Dear Imma

Yeela told me to write you a speech. Then Yeela told me to write you a speech again. Then again. Then she got mad at me for not writing a speech, because I should have written a speech. When I could hear the intensity rising over the phone (she got that ability from you), I knew I definitely didn’t want to mess with that voice (a sixth sense that I got from Bushi). So, I forced myself to sit down, and think about why it is that I cannot write a little something for my own mother.
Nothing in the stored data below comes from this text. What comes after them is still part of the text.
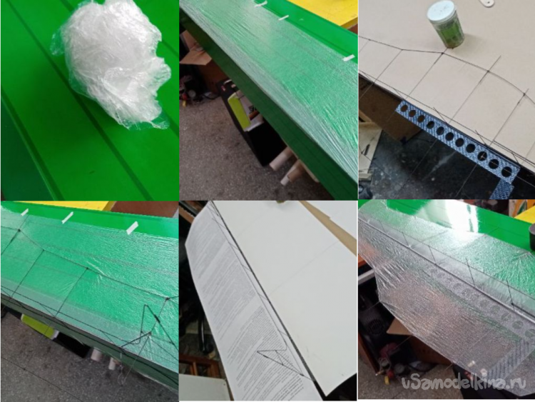 Следующий этап, оклейка фюзеляжа мятой пленкой не удался. Сама процедура достаточно проста. Со стенда снимается одна половинка столешницы. Пленка закрепляется на горизонтальной и вертикальной поверхностях. На половину вертикального набора и горизонтального фюзеляжа наносится клей и конструкция прикладывается к пленке. В результате этой операции получаем обтяжку половины фюзеляжа. Но поскольку на горизонтальный набор приклеил прутик сверху, образовался уступ и пленка к прутику не приклеилась. Первая и вторая попытки не удались. Пришлось снимать пленку и смывать клей с набора.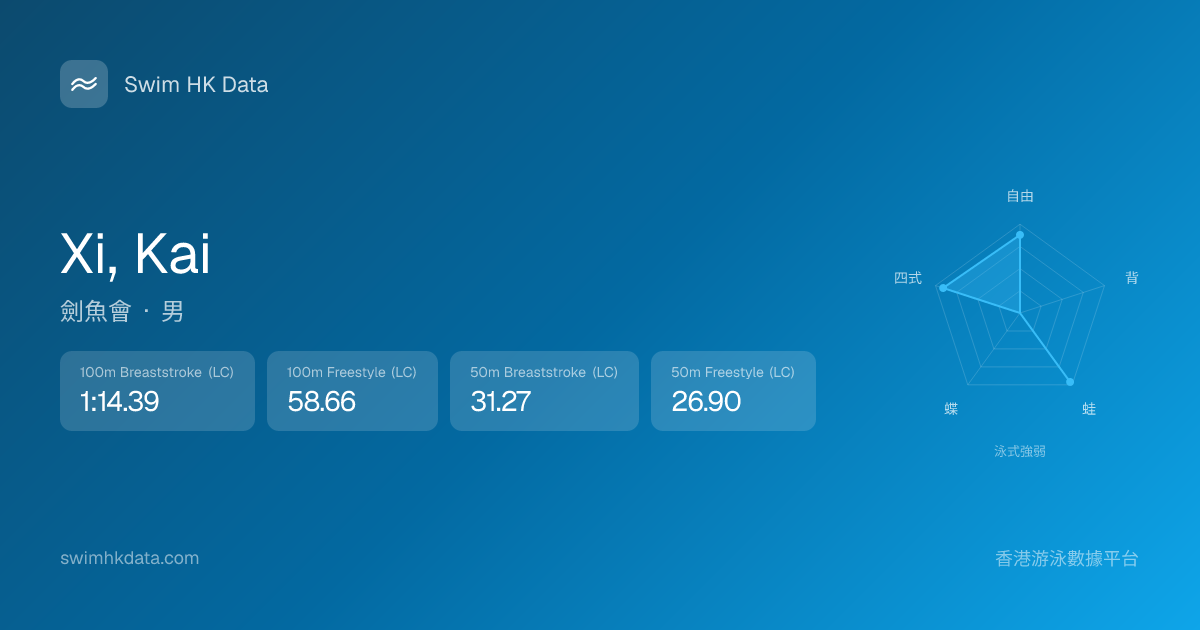 此圖表根據你所有比賽成績計算,顯示你在各泳式的相對強弱,僅供參考。繼續努力,每一次練習都會讓你更快更強!💪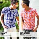 胸ポケット付の花柄トロピカル総柄Tシャツ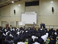 昨年に引き続き、今年度も「徳島県エンタメ集団(友輝)」の中倉茂樹さん・塩見正樹さんのお二人に来校していただきました。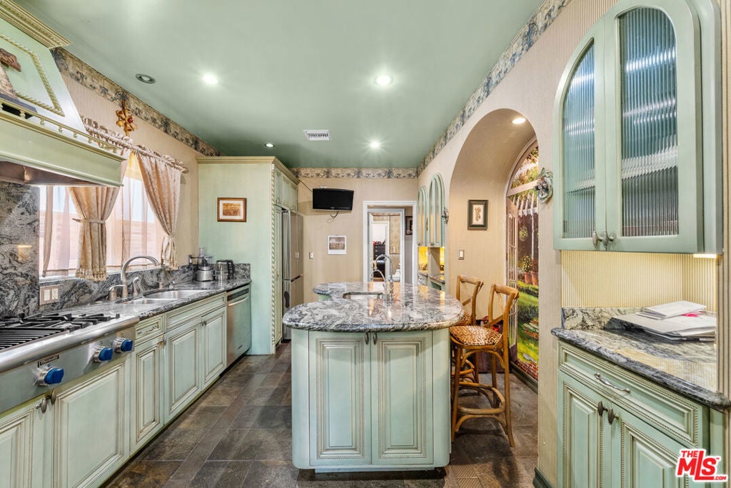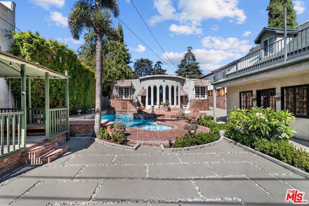 Nestled in one of Los Angeles' most coveted neighborhoods, this architecturally distinctive residence offers a rare opportunity to restore or reimagine a truly one-of-a-kind property. First time on the market in 37 years, the home spans approximately 2,344 sq ft and rests on a rare, flat 9,000 sq ft lot an exceptional find in the heart of Los Feliz. Rich in old-world character and timeless craftsmanship, the residence showcases dramatic vaulted living spaces, arched windows, and vintage detailing that speak to its storied past. Expansive entertaining areas include a grand living room with a stately fireplace, coffered ceilings, and French doors that invite natural light throughout. A spacious kitchen, multiple bedrooms, and generous common areas offer an inspiring canvas for a designer's or investor's vision. The backyard evokes the ambiance of a European courtyard, complete with brick patios, lush greenery, a sparkling pool and spa, and a detached two-story guest structure featuring a pool house below and a workshop with a deck above, ideal for creative use or future ADU potential. Set among tree-lined streets and surrounded by multi-million-dollar estates, this residence embodies the essence of Los Feliz charm. Whether restored to its classic glory or transformed into a modern masterpiece, 5006 Los Feliz Blvd represents a once-in-a-generation opportunity to own a piece of architectural history in one of L.A.'s most desirable enclaves. Sold as-is.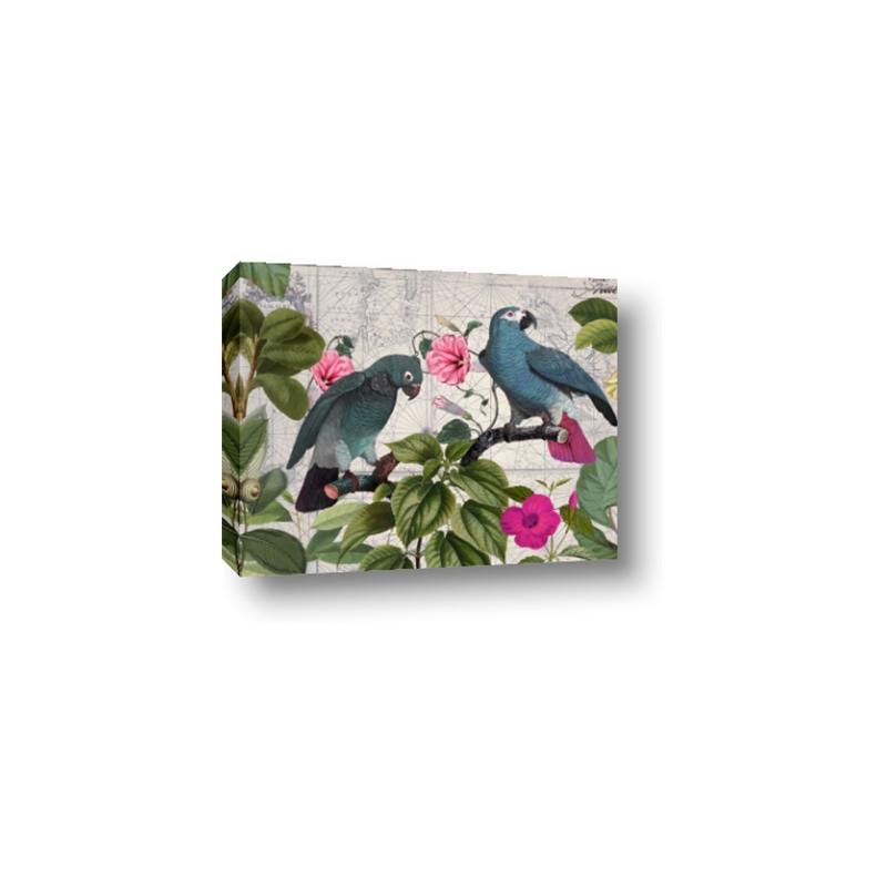 Blue Nostalgic Tropical Parrot Birds - Wall Art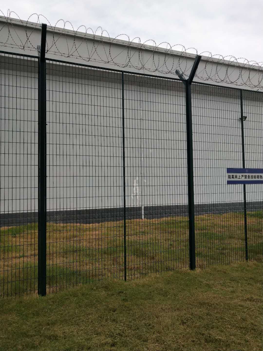 監(jiān)獄護欄網(wǎng)又稱作"Y型安全防御護網(wǎng)"監(jiān)獄鋼網(wǎng)墻,是由V型支架立柱,加強型焊接片網(wǎng),安全防盜連接件和熱鍍鋅刀片刺籠組成強度和安全防御性級別很高,近年來,被廣泛應用在監(jiān)獄,機場,軍事基地等高安全場所。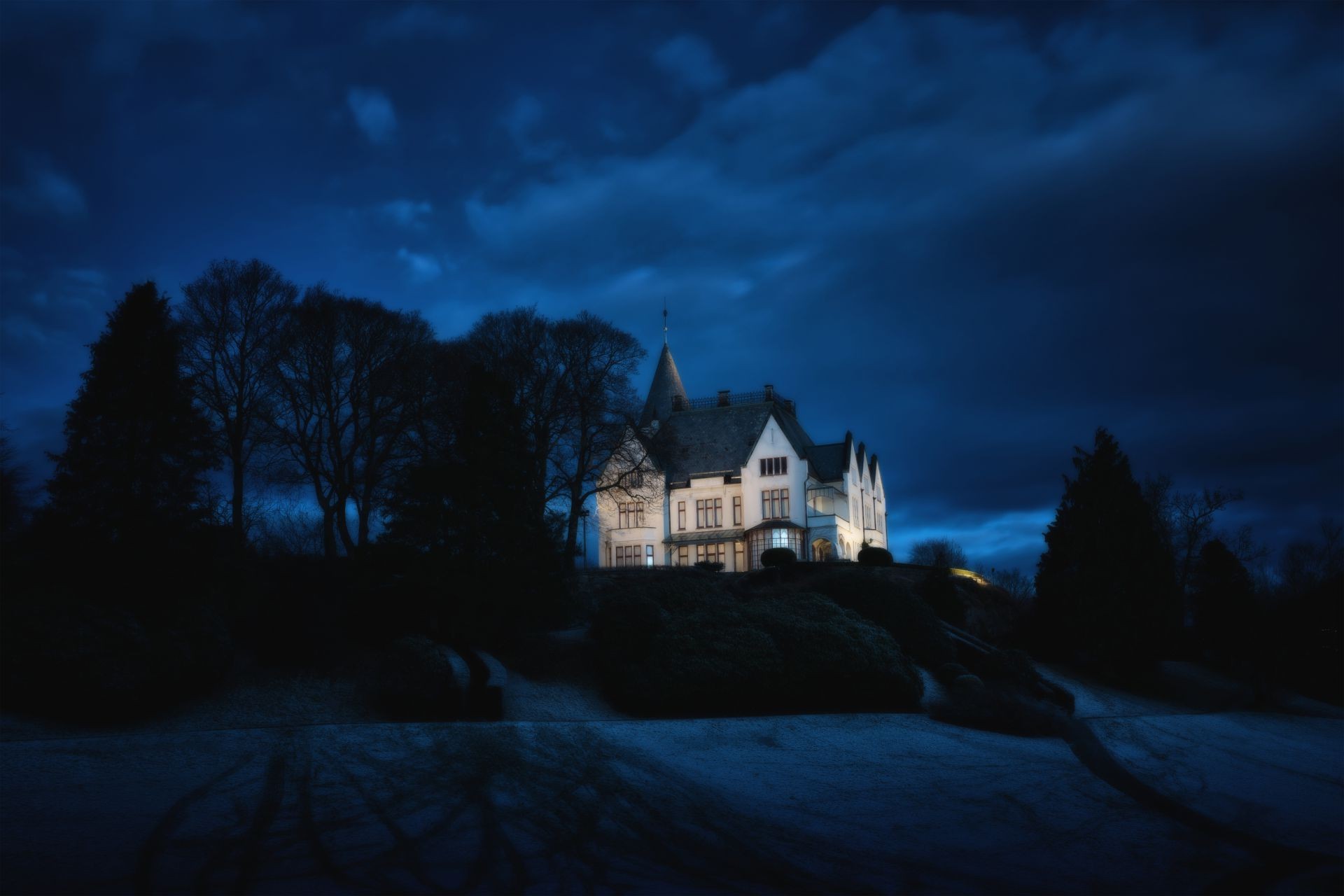 Nachtbeleuchtung von deutschen architektonischen sehenswürdigkeiten an der uferpromenadeNachtbeleuchtung von deutschen architektonischen Sehenswürdigkeiten an der Uferpromenade

It was an extremely frustrating thought. It is not as if we come from a family of no-talkers or god forbid, in the words of jerry Seinfeld, low-talkers. As a member of the Porat household I can say that the table at Friday night dinner is dangerous and all outsiders should be aware of the verbal crossfire. And it certainly is not like we come from a family who didn’t INVENT Qualie the one (or several) time(s) of the day in which we tickle Tin Tin, in attempts to get information out of him. Essentially, Qualie is nothing but another medium through which we openly share the events of our lives and the thoughts running through our heads with you.

Then what the hell?

And then I realized that for my entire life, all I did was hear how wonderful I am from YOU. So, here is my opportunity to attempt to start, even though I am sure that what I can get across in words is only a mere, tiny fraction of what I truly feel.

Thank you-

Thank you for your spontaneity- Remember the time we wanted to visit NYU and I wanted to leave on a random Thursday night? Then we couldn’t because you had a Stanford event? The only reason we couldn’t leave was that you had a Stanford event. It didn’t even occur to you that it was last minute, or that it’s a hassle to go and find a hotel in NY, or that WE WERE GOING TO FLY TO NEW YORK. I feel this quality mostly now, when I am on my own, and I seem to be one of the few people who can take surprises with a grain of salt. Even a trip to Akko that we are given half an hour to eat lunch and prepare for, I find that I am of the rare few who seem excited by the event as apposed to annoyed by it. I think that this attitude to face life with is within the top 5 of most important things that you’ve taught me. One of the things you say that sticks out in my mind every day is, hadvarim etzlaynu dinamim. Every time something changes last minute, I think about you, every time we invite 20 people to dinner, or every time you invite someone to live in our house from one day to another and your answer is always, hadvarim etzlaynu dinamim. It has become my answer to people every time someone seems thrown off when something changes or when someone is strictly opposed to a change of plans. I learned that life is unpredictable and there is no point in attempting to predict it. The best way to keep myself sane and to enjoy the moment is by knowing that the next moment is likely to change, for better or for worse, and even if I don’t like what is happening, the moment after that is also likely to change.

Thank you for being a person who everyone loves. Not only because they have to but because it is impossible not to. Thank you for making the video such a pleasure to make. Yeela and I were looking forward to meeting your old friends and it was a pleasure hearing all the amazing things they had to say about you (which you never said about yourself.) Thank you for being a person who my friends love and actually lead me to suspect that they are my friends solely for the fact that they can talk to you. Lauren, for instance, sits and talks to me only because there is a slight chance I will ask her to call you and tell you to go online.

Thank you for DEMANDING that I always follow my heart and always supporting me on everything I do. Throughout my life, all I got was positive feedback and impenetrable support from you. Whether is was when I first hated elementary school and you volunteered in the classroom almost every day to be there with me. Whether is was when Ms. Bassett was being a bitch and you basically told her that she’s dumb and to allow me to be creative. All the mess with the Tzofim; which you spent unfathomably long hours calling, writing, and protecting me under your wing. Or all my difficulties deciding between NYU and UCIDF, not to mention the difficulties of actually moving to those places and living there. Every day you had as long as I needed to talk on the phone. You allow me to vent, help me with my problems (even homework, because no distance is too great for you), and you guide me to make sure, no matter how tough times get and how many people I seem to be fighting, I always follow my gut and keep my morals in order. If you didn’t have the faith in me and expect me to be so strong throughout my life, I don’t think that I would have been to stand up for myself and for all those people along the way who I was able to stand up for.

And thank you for loving me so much that I cant help but learn to love myself. Every day, I hear how great I am and how confident you are in everything I do and so every day I walk a little straighter and trust myself a little bit more. The amount that I’ve grown, no one can see but you, because it is thanks to you that I’m at this point today.

Even when you are not here, I get strength from you and from all of the people who love you. Every time I hear Nadav say how he changed just from a few months from living in our house I feel stronger. Thank you for believing that no mistake is too bad, nothing is permanent and everything can be fixed; and that there is no such thing as taking no for an answer, unless I’m being offered drugs.

Thank you for literally, no exaggeration, being the best Ima in the world.